The trees, planted following consultation with the Forestry Commission, are all native to the area, and are planted in a glade pattern, with burials take place in the glades. New trees are not planted with each burial, unlike many other woodland burial grounds. The graves form part of the meadow as time passes, and while permanent markers are not permitted, simply engraved wooden markers, together with wild flowers and bulbs may be placed. Existing trees may also be adopted, rather than new trees planted. 

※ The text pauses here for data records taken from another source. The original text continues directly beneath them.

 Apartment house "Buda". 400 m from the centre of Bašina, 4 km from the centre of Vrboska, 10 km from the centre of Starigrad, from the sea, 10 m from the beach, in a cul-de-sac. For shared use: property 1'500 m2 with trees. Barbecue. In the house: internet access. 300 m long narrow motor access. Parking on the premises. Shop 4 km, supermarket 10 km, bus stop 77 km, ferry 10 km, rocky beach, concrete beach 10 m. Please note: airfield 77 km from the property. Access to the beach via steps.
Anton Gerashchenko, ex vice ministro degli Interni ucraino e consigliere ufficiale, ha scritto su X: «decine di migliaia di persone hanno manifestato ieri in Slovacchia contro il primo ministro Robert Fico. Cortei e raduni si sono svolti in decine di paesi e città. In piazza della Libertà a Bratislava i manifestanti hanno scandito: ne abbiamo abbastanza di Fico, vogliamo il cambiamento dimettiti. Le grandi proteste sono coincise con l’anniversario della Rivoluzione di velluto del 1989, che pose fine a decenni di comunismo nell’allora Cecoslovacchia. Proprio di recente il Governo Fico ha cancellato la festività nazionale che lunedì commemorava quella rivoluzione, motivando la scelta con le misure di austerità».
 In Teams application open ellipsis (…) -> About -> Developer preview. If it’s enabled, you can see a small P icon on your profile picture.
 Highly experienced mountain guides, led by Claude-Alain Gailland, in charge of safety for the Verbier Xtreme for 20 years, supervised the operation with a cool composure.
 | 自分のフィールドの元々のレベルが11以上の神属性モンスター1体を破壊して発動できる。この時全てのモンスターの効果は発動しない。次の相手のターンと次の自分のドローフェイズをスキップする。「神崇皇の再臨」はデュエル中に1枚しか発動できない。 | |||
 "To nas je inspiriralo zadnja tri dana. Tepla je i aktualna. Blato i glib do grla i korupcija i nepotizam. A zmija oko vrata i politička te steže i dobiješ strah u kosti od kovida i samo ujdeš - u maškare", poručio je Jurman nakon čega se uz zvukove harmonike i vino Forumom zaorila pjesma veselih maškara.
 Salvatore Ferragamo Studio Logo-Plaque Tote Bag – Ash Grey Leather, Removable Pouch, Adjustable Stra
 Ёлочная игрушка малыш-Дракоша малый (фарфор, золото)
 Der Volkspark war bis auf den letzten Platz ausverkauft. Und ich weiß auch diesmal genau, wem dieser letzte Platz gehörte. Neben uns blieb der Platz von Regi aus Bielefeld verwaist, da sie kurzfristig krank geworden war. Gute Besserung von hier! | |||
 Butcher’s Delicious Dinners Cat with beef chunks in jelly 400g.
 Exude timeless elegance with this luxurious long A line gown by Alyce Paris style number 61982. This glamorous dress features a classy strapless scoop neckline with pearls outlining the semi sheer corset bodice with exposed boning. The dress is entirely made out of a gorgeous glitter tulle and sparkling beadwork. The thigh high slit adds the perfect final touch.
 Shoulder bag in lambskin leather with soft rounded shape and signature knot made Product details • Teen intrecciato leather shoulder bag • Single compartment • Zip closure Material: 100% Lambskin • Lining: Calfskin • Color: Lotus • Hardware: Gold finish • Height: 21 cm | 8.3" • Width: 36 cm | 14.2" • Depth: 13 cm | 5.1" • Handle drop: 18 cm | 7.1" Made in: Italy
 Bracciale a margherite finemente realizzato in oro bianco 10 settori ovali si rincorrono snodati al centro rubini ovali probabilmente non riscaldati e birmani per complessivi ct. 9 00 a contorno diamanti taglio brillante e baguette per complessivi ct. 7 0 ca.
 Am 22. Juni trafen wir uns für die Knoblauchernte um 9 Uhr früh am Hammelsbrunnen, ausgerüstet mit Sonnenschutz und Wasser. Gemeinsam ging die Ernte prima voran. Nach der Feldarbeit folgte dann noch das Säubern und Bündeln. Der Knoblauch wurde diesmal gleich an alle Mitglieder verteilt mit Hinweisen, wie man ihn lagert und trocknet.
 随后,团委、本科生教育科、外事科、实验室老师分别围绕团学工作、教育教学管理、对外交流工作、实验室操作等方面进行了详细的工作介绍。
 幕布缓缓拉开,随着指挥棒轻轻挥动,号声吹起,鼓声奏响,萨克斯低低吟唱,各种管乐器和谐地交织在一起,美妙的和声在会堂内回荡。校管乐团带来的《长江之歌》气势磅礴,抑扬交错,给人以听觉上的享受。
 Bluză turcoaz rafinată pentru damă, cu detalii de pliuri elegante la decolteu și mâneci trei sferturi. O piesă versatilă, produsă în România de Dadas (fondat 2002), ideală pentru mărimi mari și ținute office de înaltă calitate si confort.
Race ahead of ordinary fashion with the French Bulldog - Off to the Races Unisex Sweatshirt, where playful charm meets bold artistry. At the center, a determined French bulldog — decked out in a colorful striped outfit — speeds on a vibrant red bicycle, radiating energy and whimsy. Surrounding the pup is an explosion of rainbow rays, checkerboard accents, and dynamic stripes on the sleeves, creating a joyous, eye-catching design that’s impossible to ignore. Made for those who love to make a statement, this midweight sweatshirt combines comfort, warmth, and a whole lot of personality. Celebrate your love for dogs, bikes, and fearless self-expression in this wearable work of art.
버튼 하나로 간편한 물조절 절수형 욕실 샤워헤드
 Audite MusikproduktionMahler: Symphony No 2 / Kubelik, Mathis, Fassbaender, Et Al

The woodland is as much for the bereaved as the deceased.  A clear object is to provide a place of natural beauty and peace - a collective site of memory for those who remember their loved ones. We have been surprised at the camaraderie that has developed between those families with relatives buried at Barton (and indeed with those who have made reservations for the future), and recognize the pastoral role we do have in the bereavement process for many. All who work for the Arbory Trust are trained in bereavement counselling, in recognition of the vulnerability of the recently bereaved, and of the continuing need to help them as time passes, and this enables us to provide not only an efficient, professional burial ground service, but one with a caring approach.

The Arbory Trust is a non-profit making Church of England registered charity, established in 2000, and was set up by a small group led by Rev Peter Owen-Jones.

The land (originally church Glebe land, and still referred to as Barton Glebe) was consecrated by the Bishop of Ely, the chairman of our trustees, in 2002. The fact that the land is consecrated provides great comfort to many, not only members of the Church of England, giving an assurance that many other woodland burial grounds cannot. The site will ultimately cover 30 acres in total, but in Phase One just under half of that is currently in use.

Initial teething problems were many and varied, ranging from obtaining planning permission, considerations such as the level of the water table, researching into the woodland to be created, and sourcing funding for the entire project. An enthusiastic group of trustees was gathered at the outset, with a wide range of essential expertise, and many remain actively involved. With these initial problems overcome, the Trust is now run by a Working Group of trustees and a small staff (all part-time).

The first burial actually took place in 2000 before a single new tree had been planted and to date over 250 interments have taken place, with nearly 400 people having made reservations (many fully paid) for the future. Each year sees a new phase in the development of the Trust, and numbers of interments and reservations continue to grow.

Whatever it is that motivates people to consider woodland burial at Barton Glebe, we welcome them all, and intend still to be doing so for many years to come.  

Following a career as a private client lawyer in London, then living in the USA for 7 years and producing three children, Deryn has been with the Arbory Trust since April 2005. She deals with both the bereaved and all involved with running the trust, from trustees and lawyers, to gravediggers and wildlife experts, providing a job way beyond anything she could have imagined when starting out as a lawyer!